What do you do about dust collection above the drill press? In my case, it seems to be where most of the chips are. How about going from a 4" and dividing it into a 2.5 for below and a 2.5 for above to attach somewhere close to the work?

That's what I'd like to do when I get around to connecting my drill press to the DC. Latest tool I connected is my Makita planer with the dust hood, and going to a 3" connection at the hood does drop the output quite a bit, so I'd try to keep the same opening as much as possible.


----------



## Rick Dennington (Aug 27, 2009)

Here's a couple of shots of the one I built for my drill press about 12 years ago…I drilled a 2 1/2" hole, dropped down from a 4" to a 2 1/2".....The box has a divider to catch all the sawdust and chips, and a drawer for tools like spade bits, drills, clamps, etc…....One note: If you close off all the rest of the blast gates, it really does the job….It's all hooked up to a 1200 cfm d.c.


----------



## JesseTutt (Aug 15, 2012)

I have not gotten around to considering dust collection for the drill press.

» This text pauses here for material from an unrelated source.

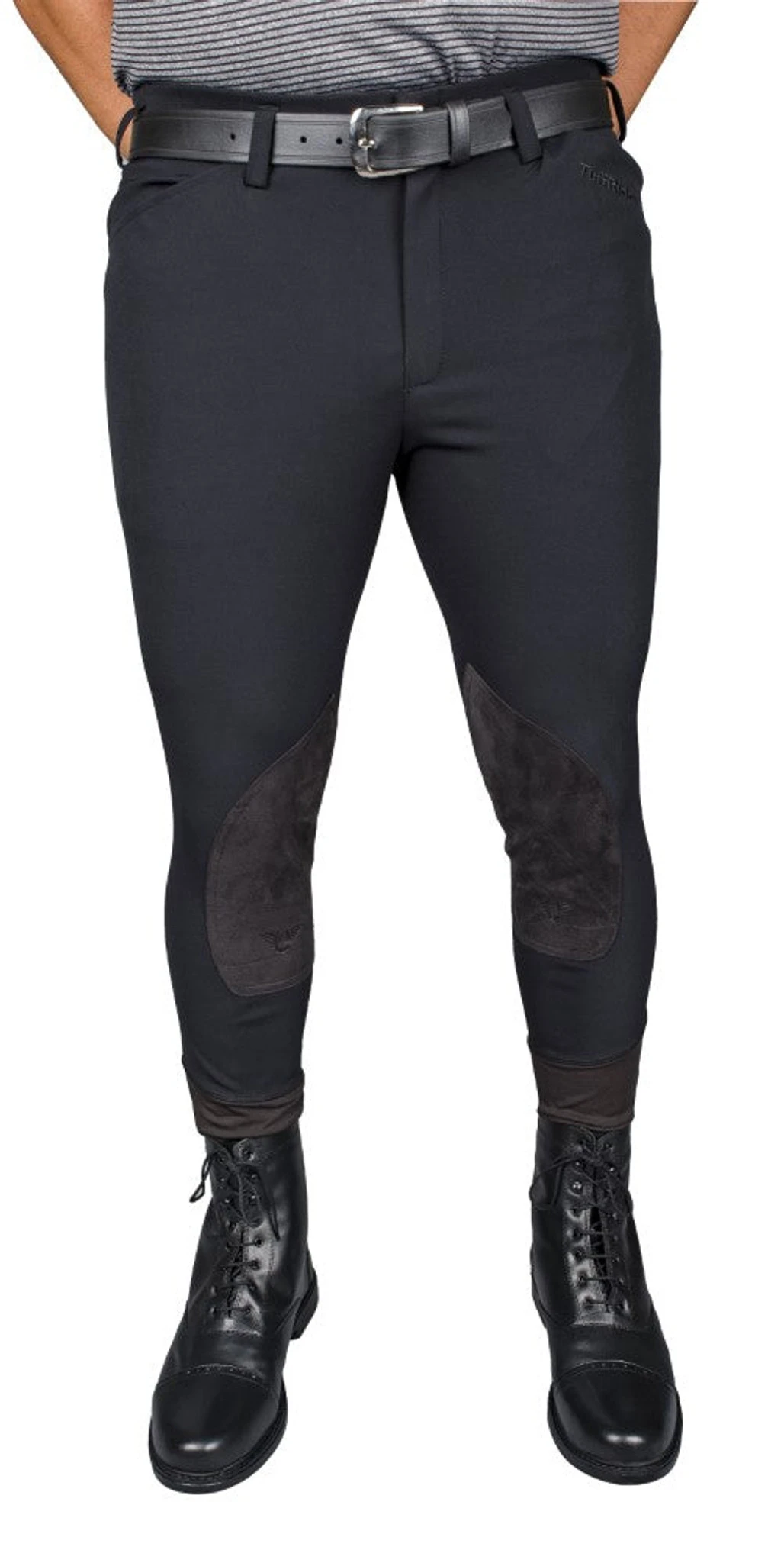 The TuffRider Men’s Claudio Knee Patch Breeches are made from soft and stretchy Nylon and Spandex to keep you comfortable in and out of the saddle. This breech boasts traditional styling with a sueded knee patch and a zipper and hook and eye button closure. Two back pockets with button closure are large enough to store your cell phone safely, while two front pockets help to store your other essentials.
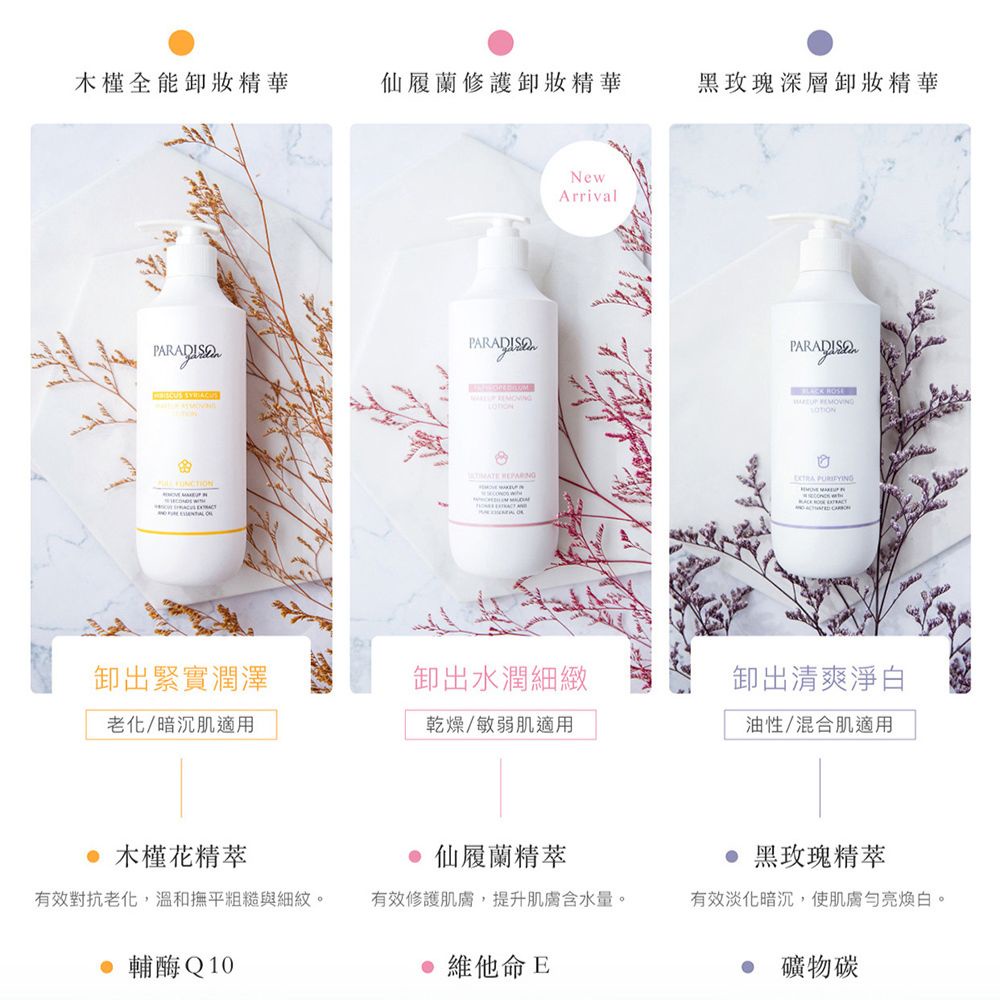 天堂花園 熱銷花植萃卸妝精華500ml(黑玫瑰淨白/仙履蘭保濕/木槿抗老)

As I sit here I wonder about adding a series of holes on the top that would work like a down draft sanding table. Your thoughts?


----------



## dhazelton (Feb 11, 2012)

Depends on what you do with the DP. If you use sanding sleeves and want a wide spread catch go with a four. 2 1/2 will suck as much stuff, but increase the velocity of the air as it sucks it in.


----------



## LeeBarker (Aug 6, 2010)

Broom + dustpan = silent, free drill press dust collection and the bending and stretching exercise is a healthful bonus.

Kindly,

Lee


----------



## lumberjoe (Mar 30, 2012)

I'm with Lee. I find most of the stuff I do at the DP is non-through drilling, so dust collection from below won't be too helpful. I toyed with the idea of putting a router table style dust collection system on the fence, but the dust and chips seem to spit out of the top of the work anyway.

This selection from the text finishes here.